What foam cutting knife are you using. I found several around $40 on Amazon. Only looking to do small building modeling with green foam from Lowe's


----------



## wvgca (Jan 21, 2013)

i don't know about the 'store bought' ones, bur I made one for a lot less than that..
two feet of nichrome wire, a light dimmer, and a transformer on top of an old piece of melamine..

not very fancy, but did all the foam work for a 16' x 16 layout, some up to eight inches high..

if you buy one, for convenience get a ripping guide so that you can cut, say two or three inches with some repeatability, and accuracy .

a 'hot wire' cutter of any type sure does come in handy


----------



## CTValleyRR (Jul 26, 2014)

I use a mini-hacksaw for cuts, and a Sur-form rasp for shaping.


----------



## Colorado1445 (Nov 11, 2017)

I am going for the Cardboard Plaster method due to my obsession of doing unconventional building methods for the fun of it.


----------



## Massey (Apr 16, 2011)

CTValleyRR said:


> I use a mini-hacksaw for cuts, and a Sur-form rasp for shaping.


^^
This! 


I also use a Sheetrock saw, it works the same but has a sharp point for starting cuts in the middle of the foam.


----------



## CTValleyRR (Jul 26, 2014)

Colorado1445 said:


> I am going for the Cardboard Plaster method due to my obsession of doing unconventional building methods for the fun of it.


Funny. Cardboard strips and plaster is about as conventional as it gets. You could call it retro.

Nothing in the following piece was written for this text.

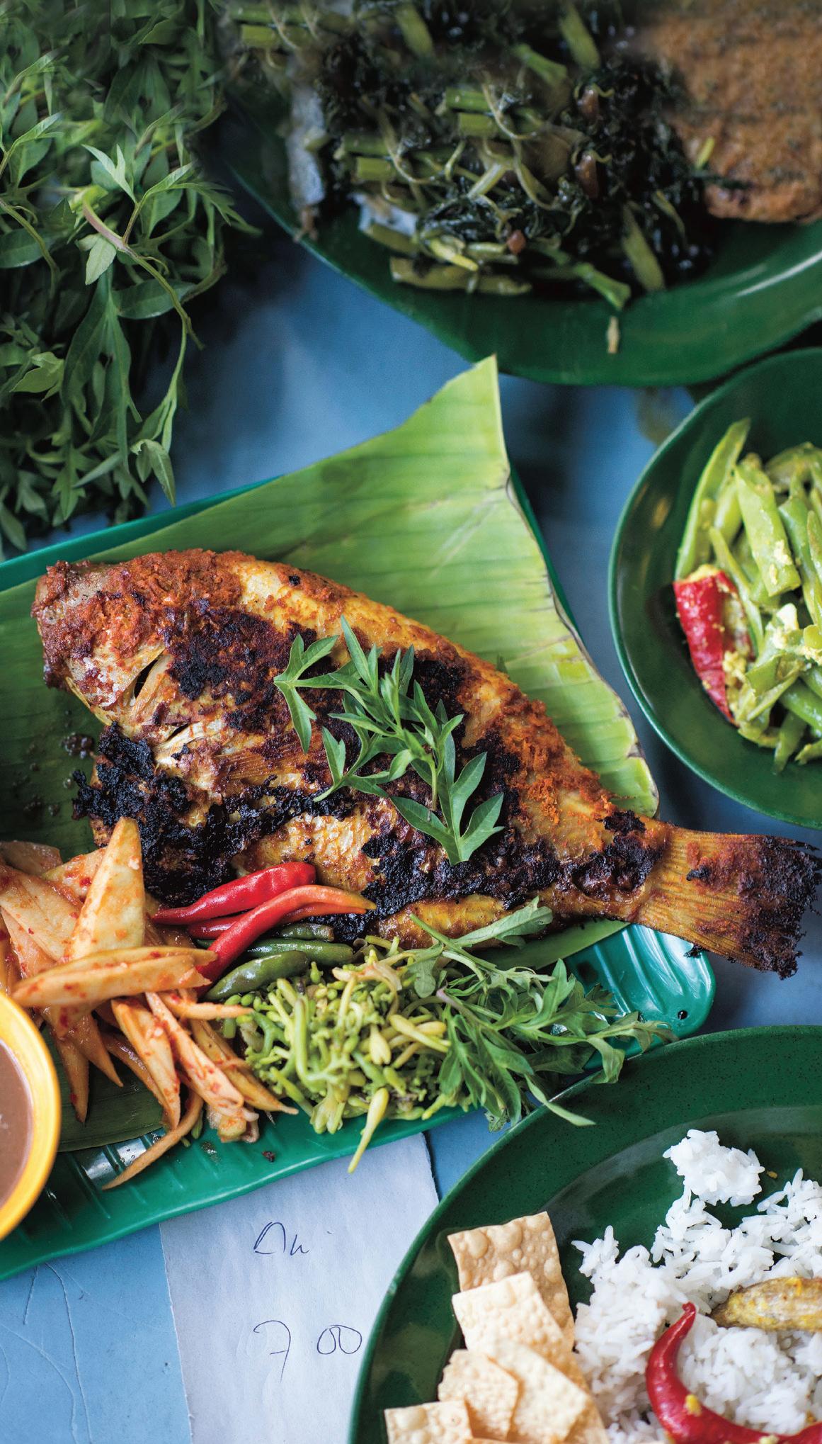 One of my favourite places to eat in Kuala Lumpur is at the huge hawkerstyle restaurant called Ikan Bakar Pak Lang, in Kampung Baru. It’s got to be among the busiest restaurants in the entire city, with constant queues that never seem to dwindle. In the middle of the open-air dining room is a huge spread of trays filled with food that you help yourself to, buffet-style. While there are around 50 different dishes, including varieties of curries, salads, grills and fried foods, the dish I always gravitate to is their ikan bakar, or grilled fish. This is no ordinary grilled fish, however; first it’s slathered in a thick paste fragrant with lemongrass, galangal, lime leaves, turmeric and chilli. Then it is wrapped in a banana leaf and cooked. As the fish grills, that fantastic paste fills the air with spicy fumes and the banana leaf scorches, giving off a lovely fragrance of its own and infusing the fish with wonderful flavours. In Malaysia they cook fish we might be unfamiliar with, but this dish translates perfectly to a backyard barbecue, using any white, firm-fleshed whole fish you prefer. They also use herbs that are only available in Asia, so I have suggested some more common herbs in this recipe.

Extruded foam panels are the "newfangled" method.


----------



## Colorado1445 (Nov 11, 2017)

CTValleyRR said:


> Funny. Cardboard strips and plaster is about as conventional as it gets. You could call it retro.
> 
> Extruded foam panels are the "newfangled" method.


Oh... 

I thought it was unconventional due to the popularity of foam. Well...


----------